Too many Berlin coalition reforms were “failures that belong in a museum”, he said, claiming the kindest thing he could say after three years was that the government was finally aware of Germany’s many problems.
“The economy is shrinking, unemployment is rising, Germany has lost attractiveness for investors,” said Mr Dulger, noting Germany was the second most expensive country to do business in a recent survey of 45 industrial economies.
“An investment location has to be as good as it is expensive and that is not the case here,” he said. “Our firms are still competitive because they are investing abroad.”

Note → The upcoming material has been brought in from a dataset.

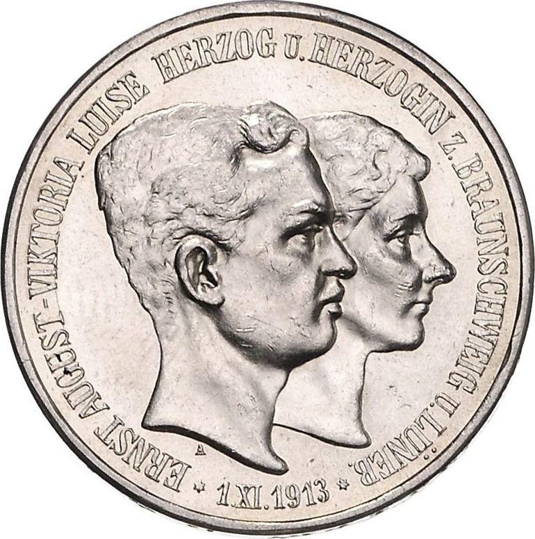 According to the latest data as of December 6, 2025 the average price of a Silver coin 3 Mark 1915 "Braunschweig" with mark A, Accession to the throne, With "U. LÜNEB" is 210 USD for regular strike and 530 USD for coins minted using the PROOF technology.
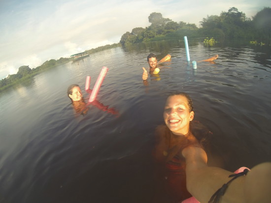 You, the swamp, the Piranhas, the Caimans around you… sounds a bit weird that I jumped in when I think about it like that. However the experience was quite a thrill! I floated with the churros and swam with the French couple in the middle of the river until we reached the lodge again. The strong current brings you back by itself, so it was not really a hard exercise. Sometimes the leaves or the roots of the water plants would touch us and we would get a bit scared thinking a big Piranha has just past us, but it seems that these carnivore fish only attack once they see blood. We left the river and lived happily ever after with still all of our body parts.

With an eye on foreign direct investment, and attracting skilled workers to Germany, Mr Scholz is leading a business delegation to India this week to attract workers and address the labour market’s growing demographic difficulties.
Employers happy to hear of greater efforts to address labour shortages were far cooler on the centre-left chancellor’s vow to increase the minimum wage to €15, after rising earlier this year to €12.41.

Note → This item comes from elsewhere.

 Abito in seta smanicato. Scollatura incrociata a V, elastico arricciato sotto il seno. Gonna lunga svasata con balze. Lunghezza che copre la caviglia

“I know,” Mr Scholz told the silent rows of managers, “that we are not always of the same opinion here.”
Many are waiting out the Scholz era and looking to the centre-right opposition leader Friedrich Merz.
Of 500 leading executives and entrepreneurs quizzed by the Allensbach polling agency, 73 per cent are in favour of Merz as Germany’s next chancellor – a surge of almost 20 percentage points compared with the same time last year.
In power, the Christian Democratic Union (CDU) leader has promised an Agenda 2030 to “set a new framework” for the German economy and businesses. Among his promises are to slash bureaucracy and reduce energy costs – among the highest in Europe – to match the continent’s lowest.
Some 300,000 industrial jobs have been lost in Germany under the traffic light coalition, he told the Bundestag last week. Turning to Mr Scholz, he added: “During your administration we have had the highest-ever capital outflow from Germany, this is the economy’s daily vote of no confidence in you.”
With Germany’s fragile economy an obvious battleground in the looming federal election, Mr Merz is viewed with greater reserve beyond the business bubble. Some see the true causes of Germany’s ongoing recession elsewhere.
For German economist Jens Südekum, Germany’s real problem is not down to bureaucracy or energy costs – challenges it shares with European neighbours – but two decades of below-average investment.
“We need a huge private investment push which needs to be incentivised and will cost the state at the outset,” said Prof Südekum of the University of Düsseldorf. Given such spending is hampered by Germany’s so-called fiscal brake on deficit spending, he added: “We have to have a real reform of the debt brake to allow a real investment push.”
While the Scholz coalition remains deadlocked here, Mr Merz gave a first glimpse of compromise last week. On the debt brake, he said there was “room for manoeuvre, but only if savings are made elsewhere”.